While the uncertainty surrounding the spread of the coronavirus is very unsettling on a human level, as fears heighten that the spread of the virus will worsen, the impact on both global and domestic financial markets is also becoming increasingly unsettling.

After an extended period of above-average returns, 2020 has been much more difficult due to the coronavirus outbreak, with February and March being particularly volatile, impacting investment balances, before markets rebounded over the next four months.
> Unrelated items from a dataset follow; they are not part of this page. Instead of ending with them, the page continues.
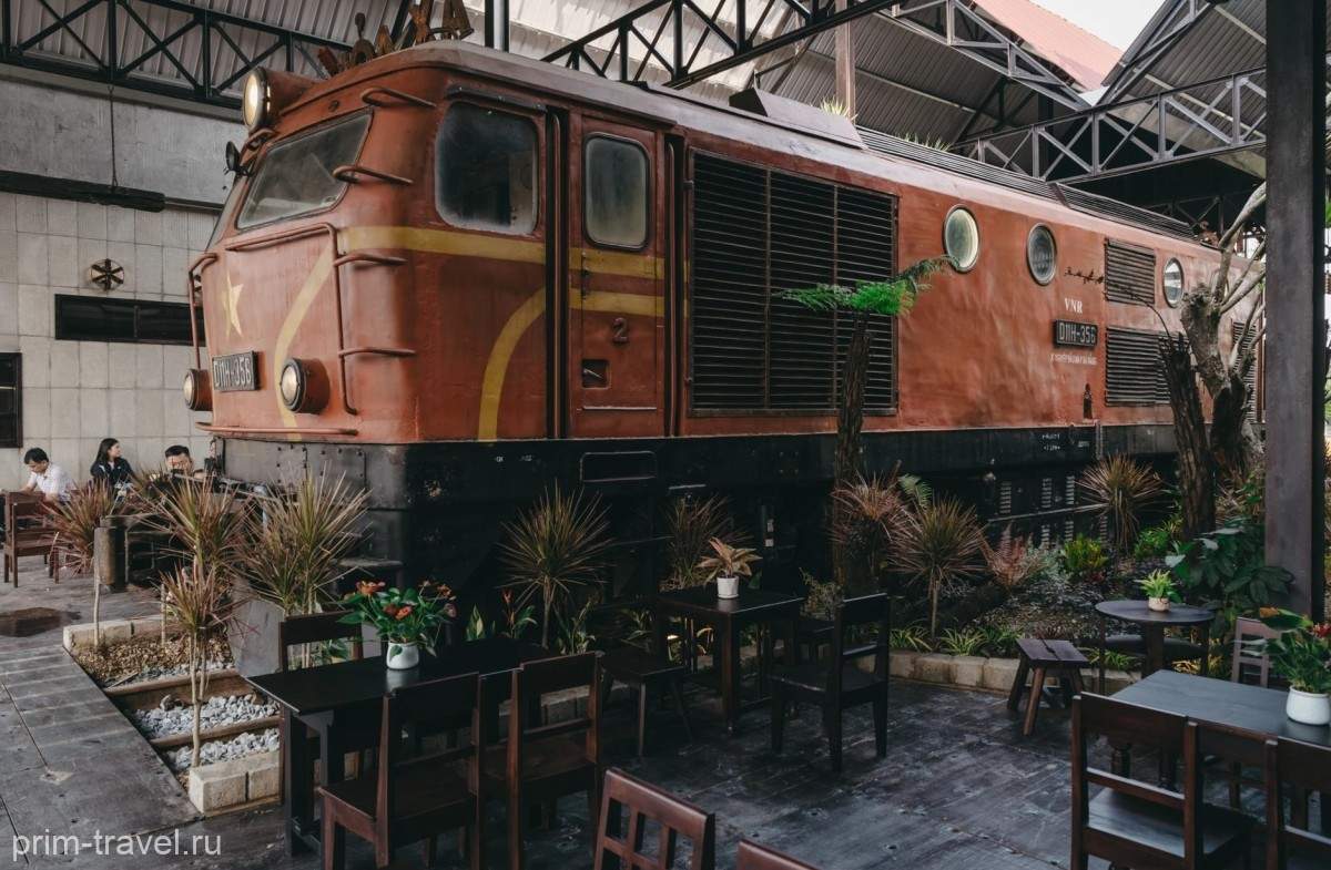 Это кафе стало настоящей сенсацией благодаря тому, что в качестве центрального элемента интерьера использован старый паровоз, расположенный на территории вокзала Хюэ. Дополняет впечатления местная кухня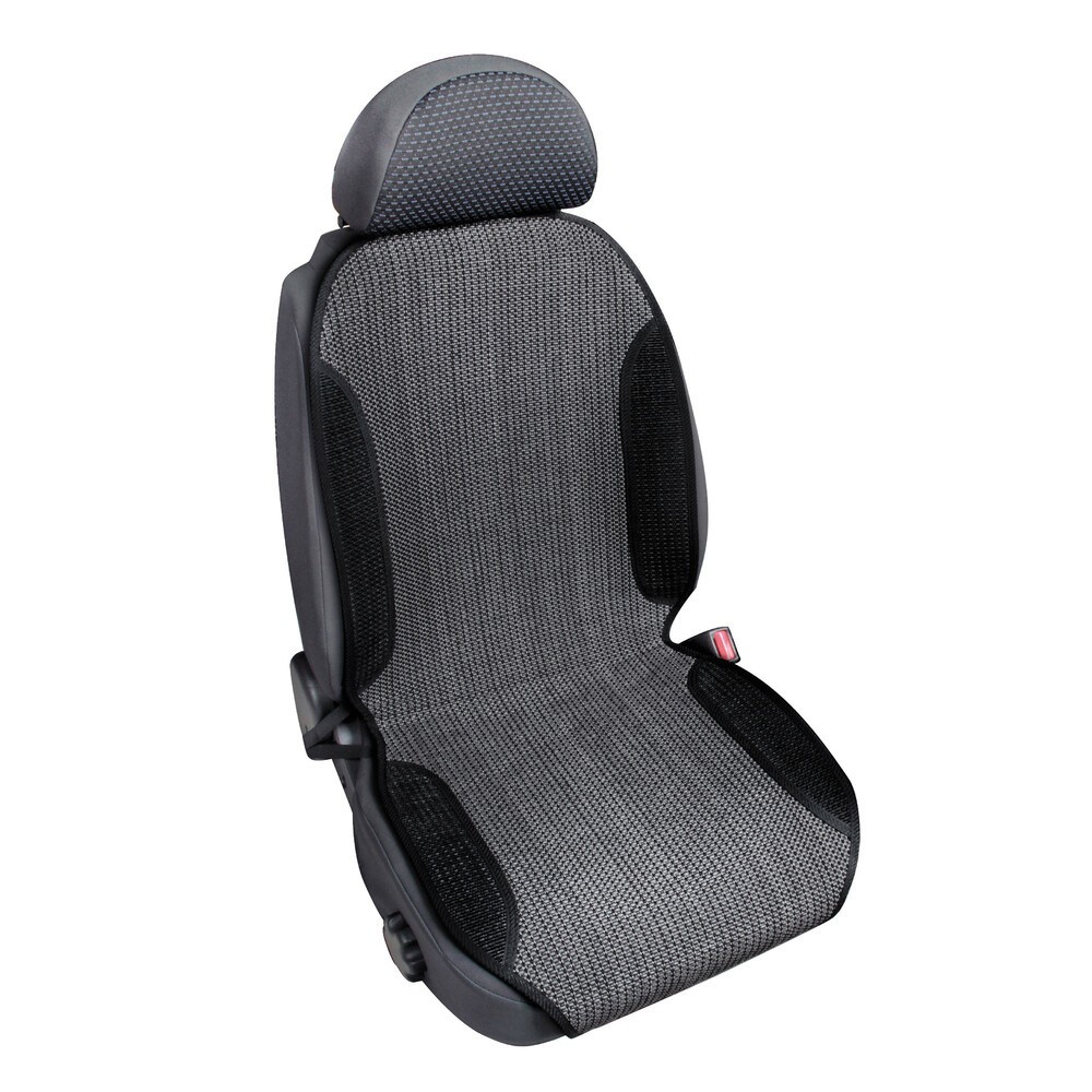 Breeze, schienale ventilato in carta tessile. Lo speciale tessuto aerato e il doppio supporto a molle (sedile e schienale) garantiscono maggior sostegno e freschezza durante il viaggio. Seduta larga 50cm, universale per auto, camper e veicoli commerciali equipaggiati con poggiatesta. Si installa in pochi minuti e si fissa utilizzando gli elastici in dotazione. Non compromette gli Airbag dei sedili.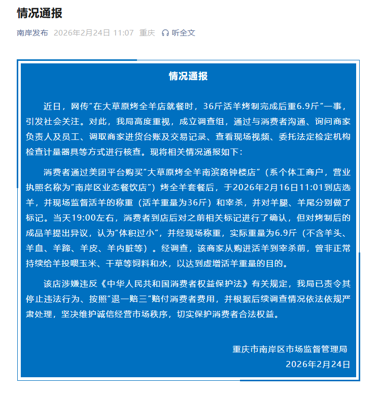 近日,网传“在大草原烤全羊店就餐时,36斤活羊烤制完成后重6.9斤”一事,引发社会关注。对此,我局高度重视,成立调查组,通过与消费者沟通、询问商家负责人及员工、调取商家进货台账及交易记录、查看现场视频、委托法定检定机构检查计量器具等方式进行核查。现将相关情况通报如下: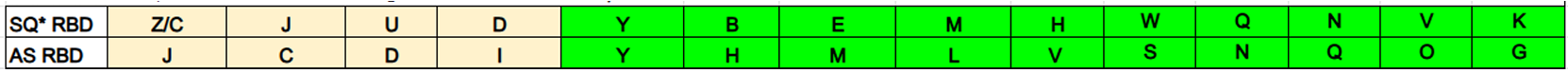 • Rebook onto AS prime flights in the equivalent AS booking class reflected in the table below: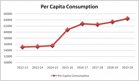 Per capita energy consumption increases year-by-year is shown in Figure 4. In 2012-13, per capita consumption was 55,112.06 kWh. As the year passes electrical energy requirement increases. Now in 2019-20 per capita consumption is 64,432.34 kWh which shows 16.9% increment from 2012-13.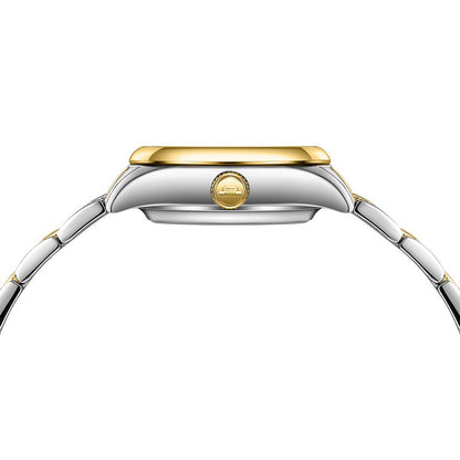 28 mm diameter; White frost dial; Gold & silver color case & bracelet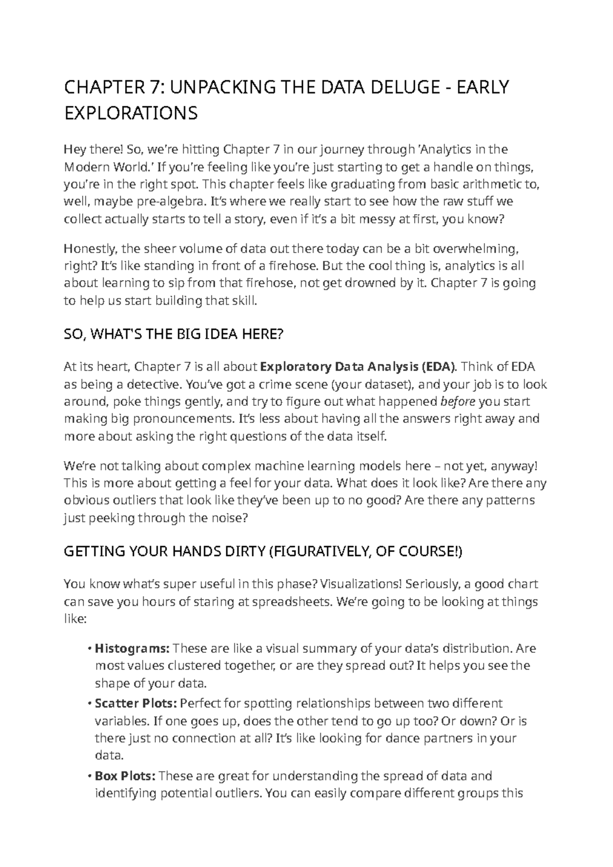 Analytics in Modern World - CH 7: Exploring Data Analysis - Studocu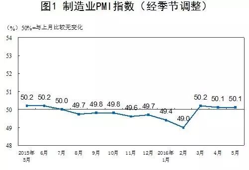 3、国家统计局:5月中国制造业PMI为50.1%,与上月持平,连续三个月位于扩张区间。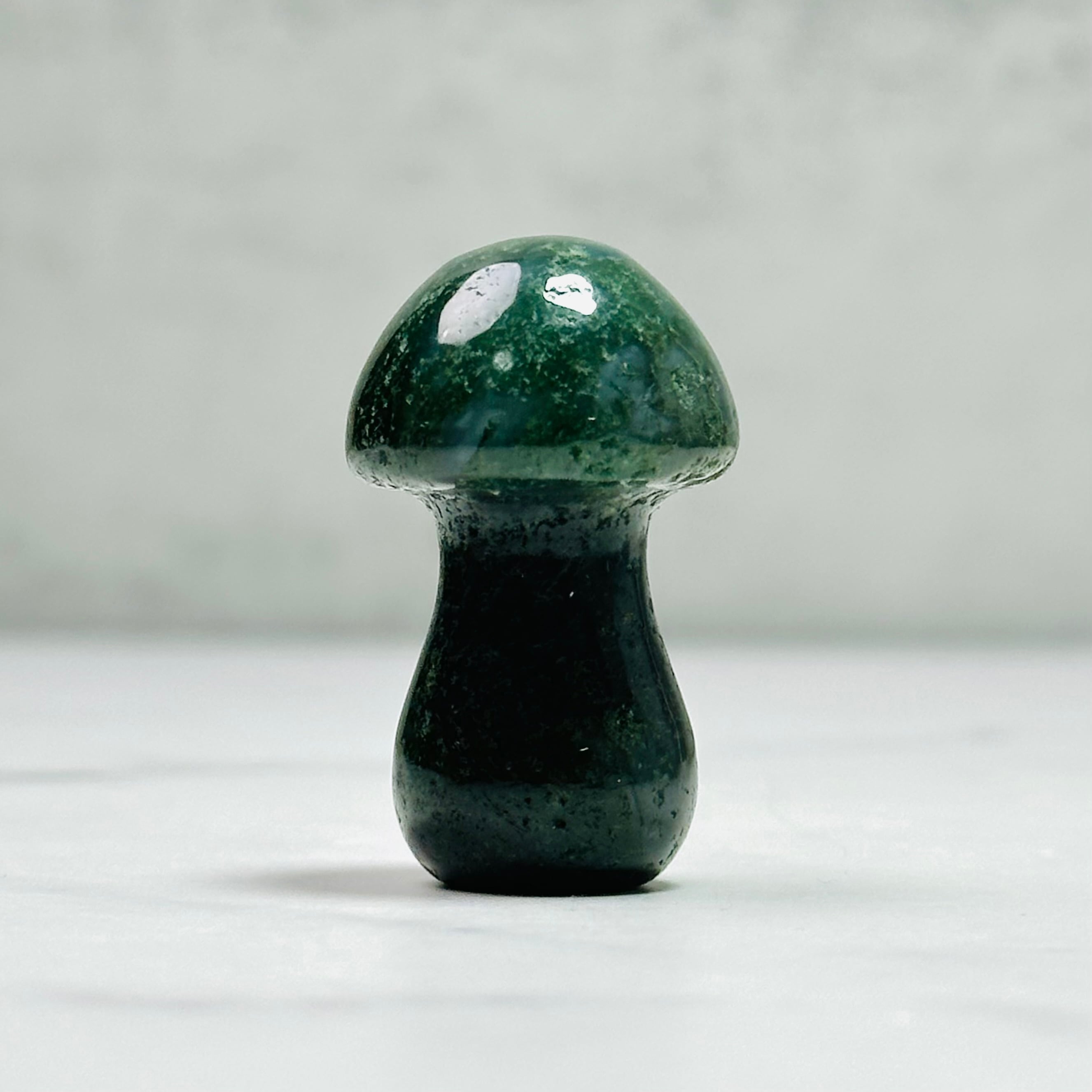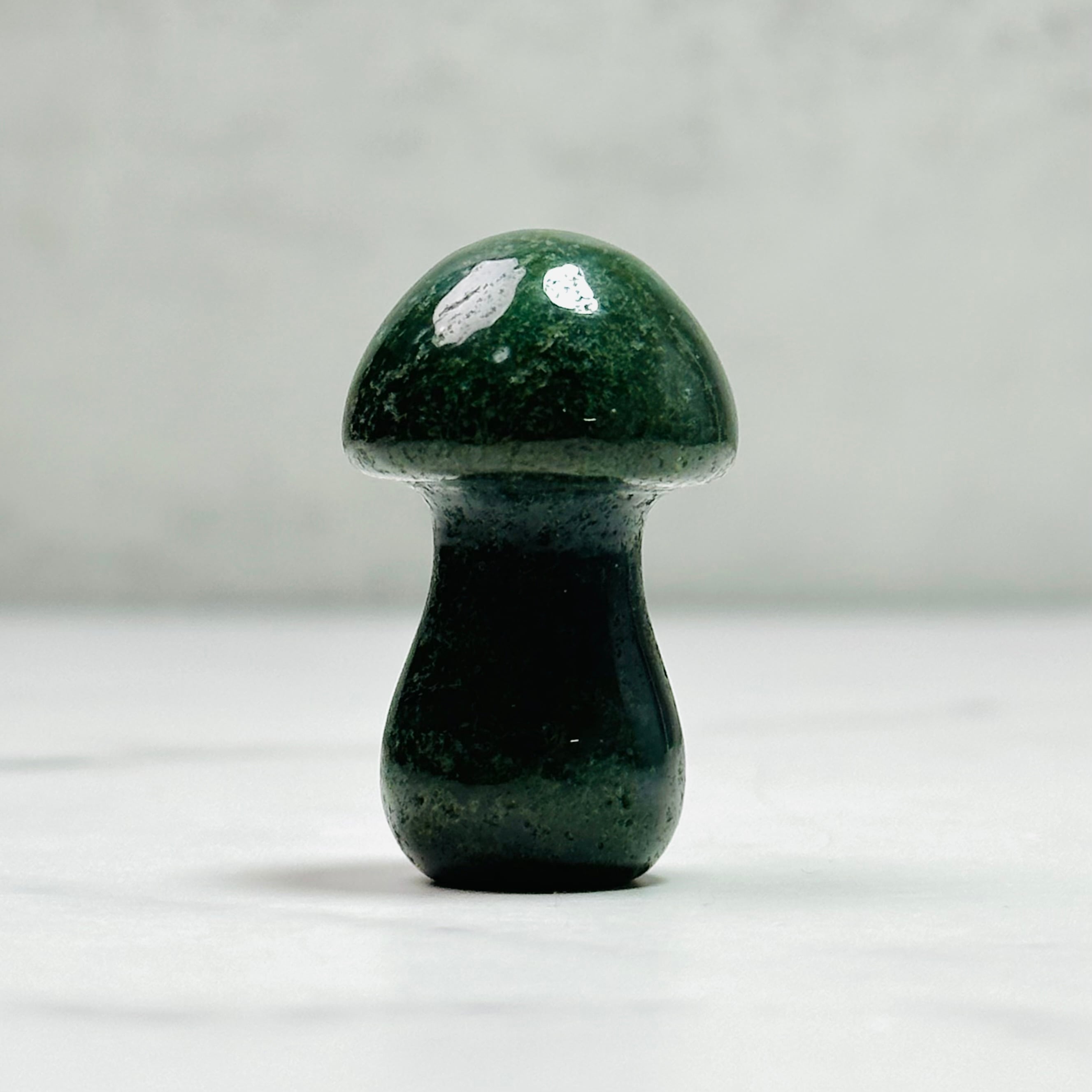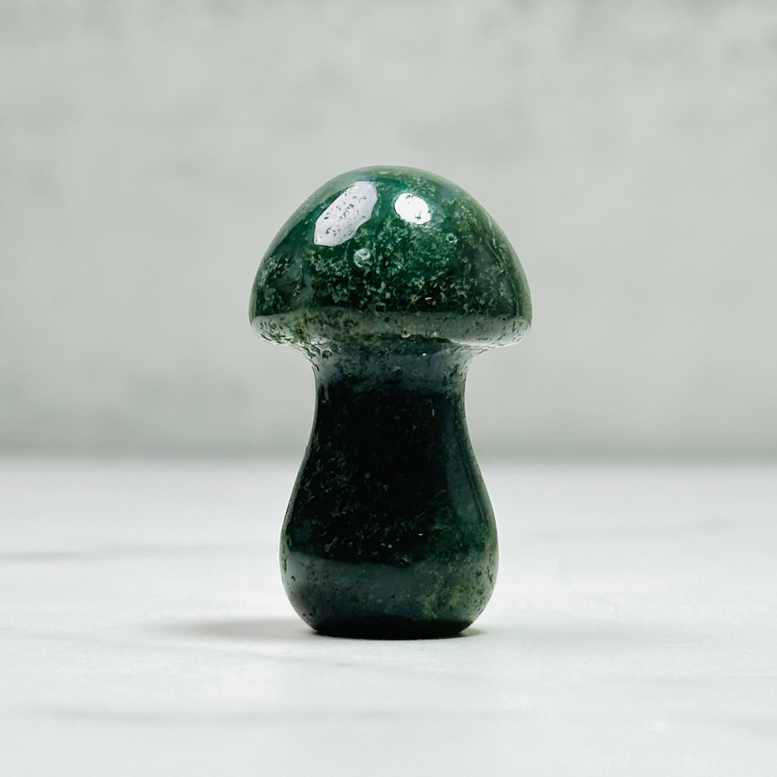 深みのあるモスグリーンの色合いが優しい癒しを届けてくれるモスアゲートのマッシュルーム。動物のカーヴィングやペトリと共に飾ると自然を感じられるナチュラルなインテリアになり、空間をおしゃれに演出します。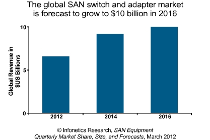 SAN適配器方面,Qlogic和Emulex占據(jù)大部分份額。2011年這兩家公司銷售收入再次實現(xiàn)健康增長,不過同時他們的對手也在穩(wěn)步向前發(fā)展。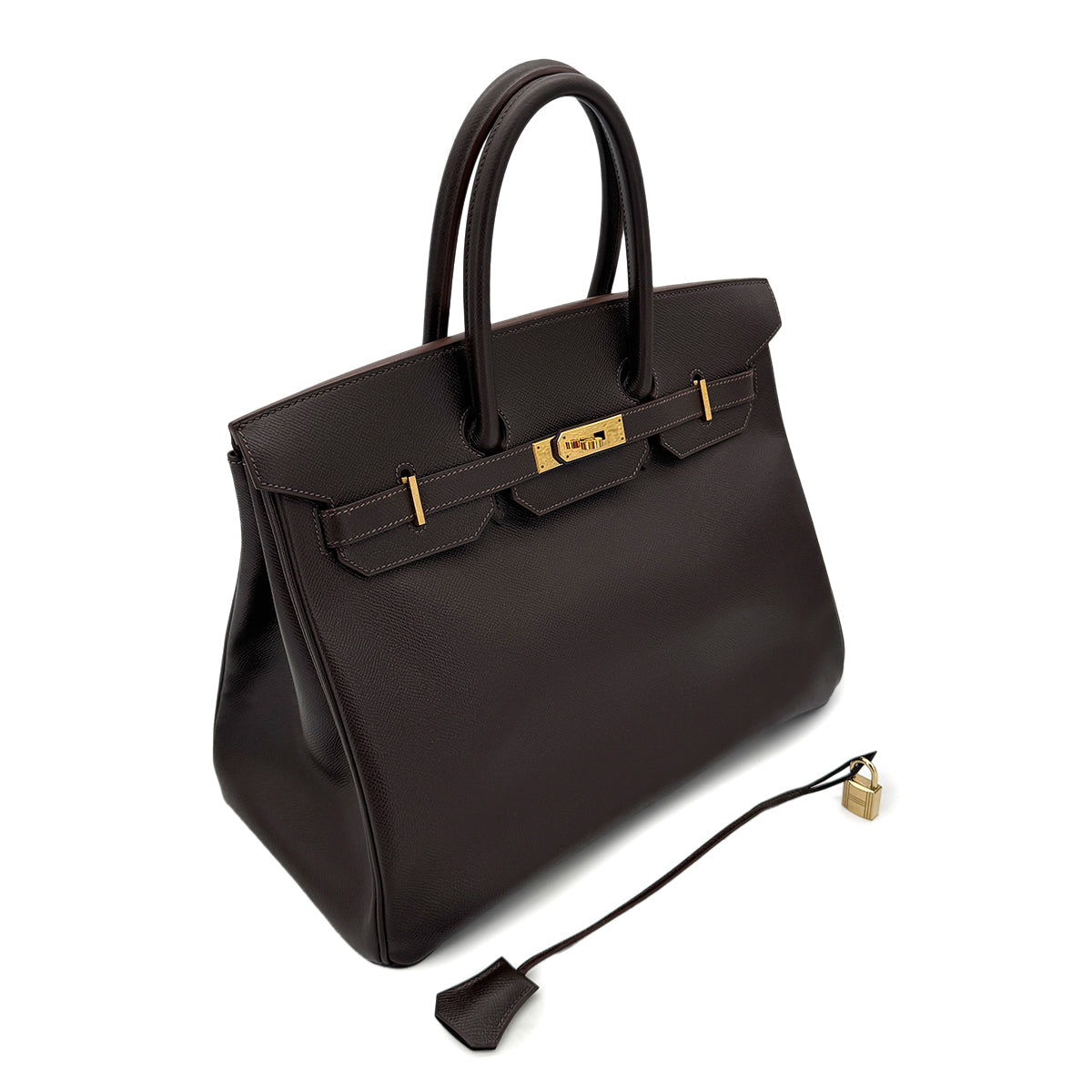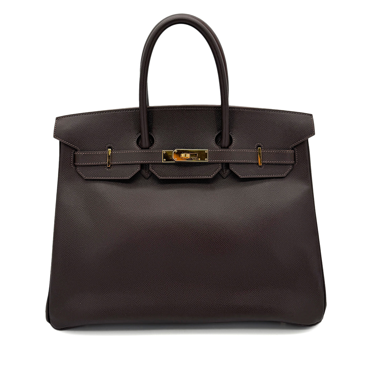 HERMES BIRKIN 35 CHOCOLAT COURCHEVEL HAND BAG □C GHW 90292879

Market declines can occur when investors are forced to reassess expectations for the future and this is now happening as investors consider the impact on governments, companies and households as restrictions are put in place as all efforts are made to stop the spread of the virus.


Our strategy

At Hales Douglass Financial Services, we understand and have been educating clients for some time, that investment markets are cyclical in nature and will never just continue to rise indefinitely. Market cycles are characterised by several good years of returns followed by generally a year or two of negative returns. While the trigger of a downturn is not always predicted, it is a normal and anticipated outcome of investing in growth investments.

You should not be surprised to receive statements with negative returns for short periods of time. It is the one thing that we guarantee will occur from time to time as a result of having exposure to growth based investments.

How have we positioned our clients’ portfolios?

In times such as these, we believe the best course of action is to have your funds positioned in a diversified portfolio of quality long term investments.

For our clients in pension phase, your portfolio is constructed to include a sufficient allocation to more defensive investments such as cash and fixed interest to draw on during a downturn. Our advice is to remain patient with the growth assets in your portfolio in order to benefit from solid long term returns.

We have been positioning portfolios more defensively through the process of taking profits from the investments that have performed well (i.e. Australian and International shares) and topping up cash levels in preparation for the next inevitable downturn. We will never say we can time when markets will become negative, but we do know the cyclical nature of growth based investments.

For our clients still accumulating, superannuation is a long term investment and market downturns can be opportunities to purchase assets at depressed prices via superannuation guarantee or personal contributions.

Our investment philosophy takes considerable care to ensure our clients are invested in well-diversified portfolios of high-quality, long term investments.

This does not mean, however, that your funds will be insulated completely from what is going on in global investment markets. Unfortunately, you can be invested in good quality investments, but their value will still decline as negative sentiment over the short term impacts of the spread of the coronavirus causes all markets to fall.

Investments are for the long term

Investments should be based with a long term view. Market volatility and negative investment markets are a normal and anticipated part of the investment cycle over the short term. Our clients’ portfolios have been constructed with a long term view and to weather events such as those we are currently experiencing.